_WHAT NEEDS TO BE DONE_. For the material that follows, return exactly the lines from the one with "El sistema inmunológico" through the one with "Här finns en", both ends included.

_SOURCE DATA_.
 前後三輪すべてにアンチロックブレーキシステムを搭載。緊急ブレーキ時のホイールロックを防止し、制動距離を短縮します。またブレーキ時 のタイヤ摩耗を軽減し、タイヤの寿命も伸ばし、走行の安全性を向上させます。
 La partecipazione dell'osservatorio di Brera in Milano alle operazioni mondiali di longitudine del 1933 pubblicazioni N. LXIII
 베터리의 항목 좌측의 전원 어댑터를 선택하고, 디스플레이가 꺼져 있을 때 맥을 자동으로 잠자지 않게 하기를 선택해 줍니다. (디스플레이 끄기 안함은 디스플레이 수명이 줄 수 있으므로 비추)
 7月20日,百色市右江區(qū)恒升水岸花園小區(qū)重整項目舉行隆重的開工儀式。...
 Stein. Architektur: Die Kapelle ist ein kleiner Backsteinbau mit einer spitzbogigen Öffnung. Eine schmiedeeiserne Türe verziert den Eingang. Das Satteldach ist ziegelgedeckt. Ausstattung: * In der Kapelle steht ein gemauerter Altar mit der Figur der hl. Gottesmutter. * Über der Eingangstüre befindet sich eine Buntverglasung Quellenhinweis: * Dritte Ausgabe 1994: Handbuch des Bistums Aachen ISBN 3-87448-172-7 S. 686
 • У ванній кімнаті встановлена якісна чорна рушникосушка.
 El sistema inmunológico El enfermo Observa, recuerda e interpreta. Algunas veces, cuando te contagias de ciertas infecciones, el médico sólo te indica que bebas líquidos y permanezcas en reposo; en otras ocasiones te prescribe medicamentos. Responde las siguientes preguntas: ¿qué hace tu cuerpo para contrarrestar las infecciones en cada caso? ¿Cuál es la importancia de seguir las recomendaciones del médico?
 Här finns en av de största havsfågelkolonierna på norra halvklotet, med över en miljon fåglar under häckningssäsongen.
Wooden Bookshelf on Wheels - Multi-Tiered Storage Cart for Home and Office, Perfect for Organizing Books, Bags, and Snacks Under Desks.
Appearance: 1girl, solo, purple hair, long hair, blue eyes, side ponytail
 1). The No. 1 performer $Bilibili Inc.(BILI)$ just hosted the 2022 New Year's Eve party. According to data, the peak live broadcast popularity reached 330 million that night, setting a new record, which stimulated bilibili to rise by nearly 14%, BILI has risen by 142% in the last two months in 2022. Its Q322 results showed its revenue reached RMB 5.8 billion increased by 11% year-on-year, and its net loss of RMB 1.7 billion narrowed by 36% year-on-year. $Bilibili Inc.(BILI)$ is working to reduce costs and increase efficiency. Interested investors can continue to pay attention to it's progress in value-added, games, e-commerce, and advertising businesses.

_REPLY_.
 El sistema inmunológico El enfermo Observa, recuerda e interpreta. Algunas veces, cuando te contagias de ciertas infecciones, el médico sólo te indica que bebas líquidos y permanezcas en reposo; en otras ocasiones te prescribe medicamentos. Responde las siguientes preguntas: ¿qué hace tu cuerpo para contrarrestar las infecciones en cada caso? ¿Cuál es la importancia de seguir las recomendaciones del médico?
 Här finns en av de största havsfågelkolonierna på norra halvklotet, med över en miljon fåglar under häckningssäsongen.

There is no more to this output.